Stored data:
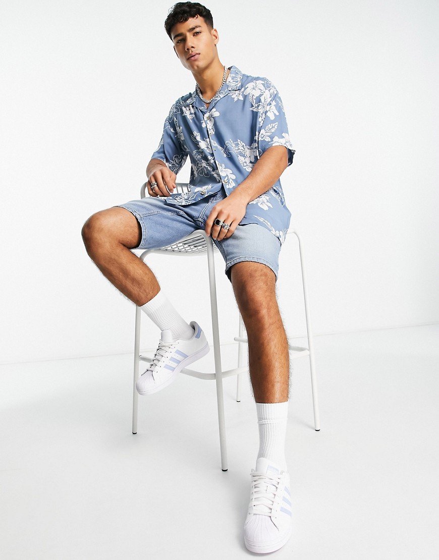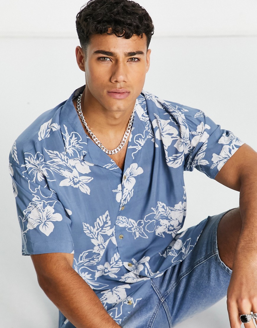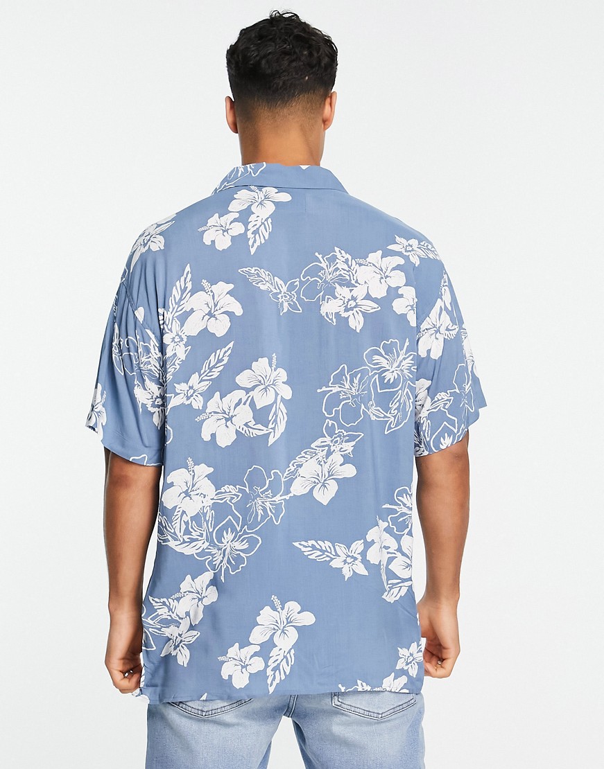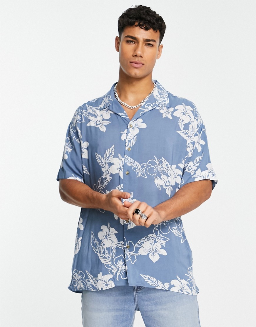 Jack & Jones niebieska koszula z krótkim rękawem w hawajski kwiatowy wzór M
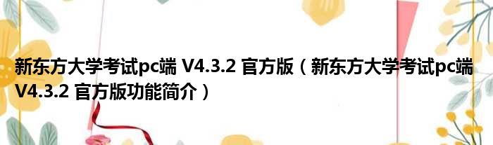 新东方大学考试pc端 V4.3.2 官方版(新东方大学考试pc端 V4.3.2 官方版功能简介)
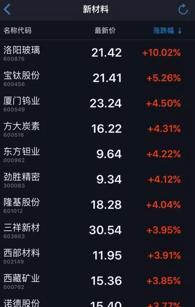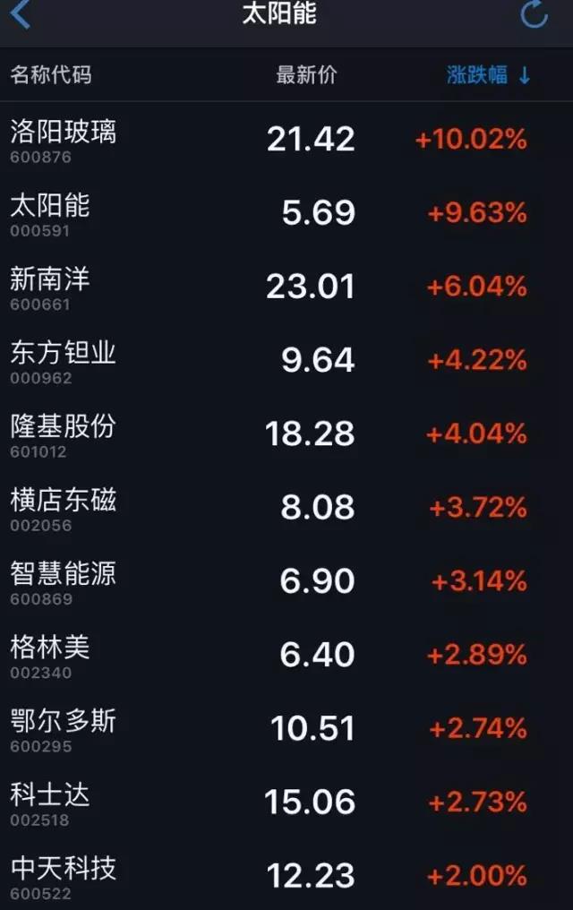 首先我們來看看隆基所處的幾個(gè)板塊漲幅:新材料和太陽(yáng)能領(lǐng)域,上漲4%以上的公司不是太多,隆基排在前六。
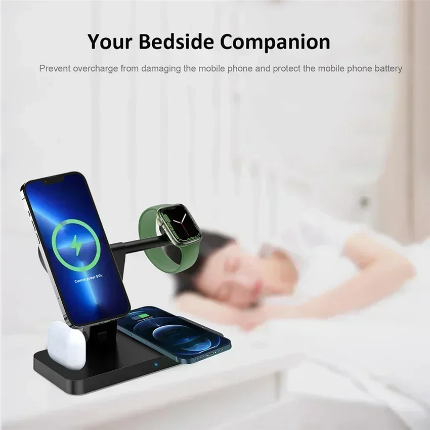 【4 in 1 Magnetic Wireless Charger】: The 4 in 1 Wireless Charging Station with Apple MagSafe Charger for Multiple Devices.The magnetic wireless charger has built-in premium magnets,super suction.The magnetic charging stand can precisely align the best wireless charging position of your device, it can charge 4 devices at the same time.
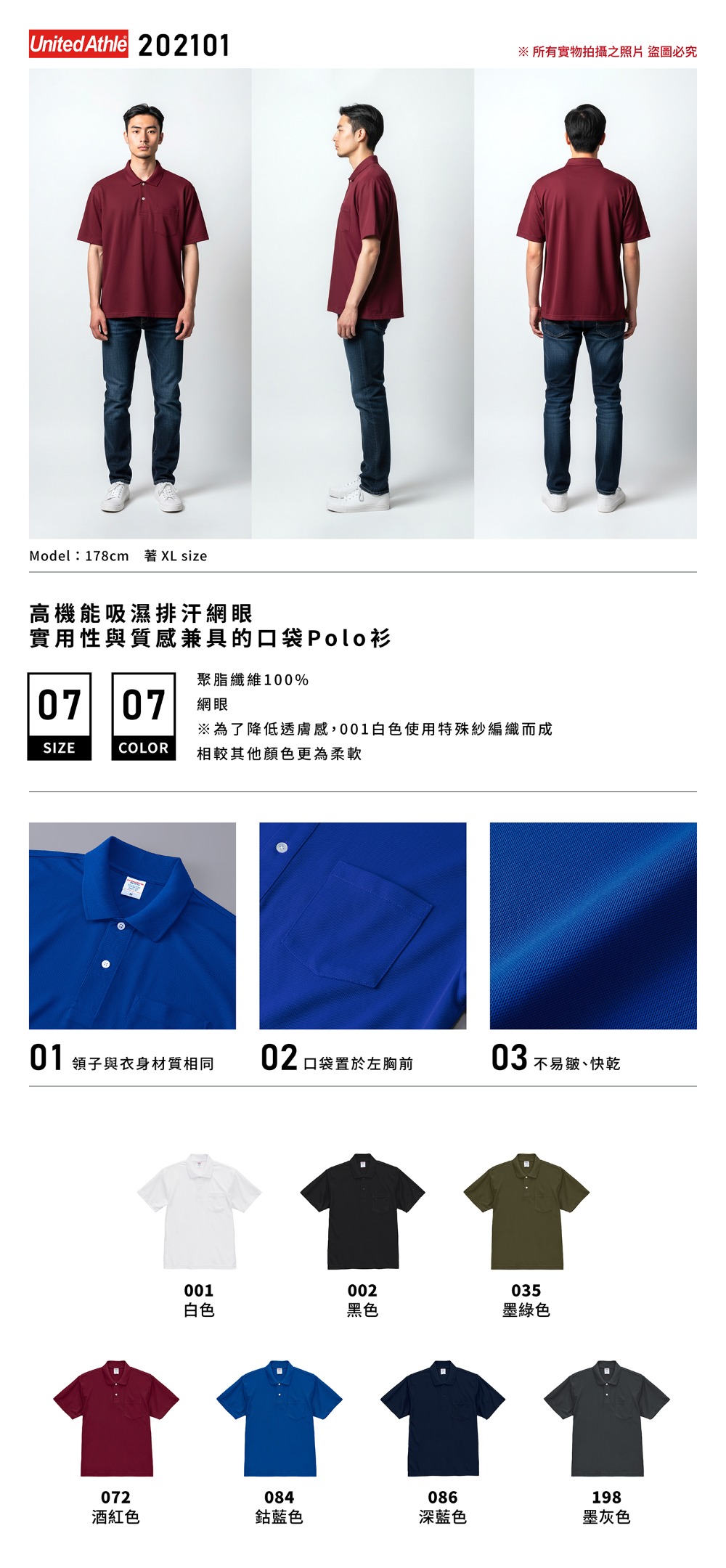 B017 - UA 4.7oz. 高機能吸濕排汗網眼口袋POLO衫

### Exercise requirements
Repeat the records in full, precisely, and keep the pictures out.

### Solution to this problem
 Jack & Jones niebieska koszula z krótkim rękawem w hawajski kwiatowy wzór M
 新东方大学考试pc端 V4.3.2 官方版(新东方大学考试pc端 V4.3.2 官方版功能简介)
 首先我們來看看隆基所處的幾個(gè)板塊漲幅:新材料和太陽(yáng)能領(lǐng)域,上漲4%以上的公司不是太多,隆基排在前六。
 【4 in 1 Magnetic Wireless Charger】: The 4 in 1 Wireless Charging Station with Apple MagSafe Charger for Multiple Devices.The magnetic wireless charger has built-in premium magnets,super suction.The magnetic charging stand can precisely align the best wireless charging position of your device, it can charge 4 devices at the same time.
 B017 - UA 4.7oz. 高機能吸濕排汗網眼口袋POLO衫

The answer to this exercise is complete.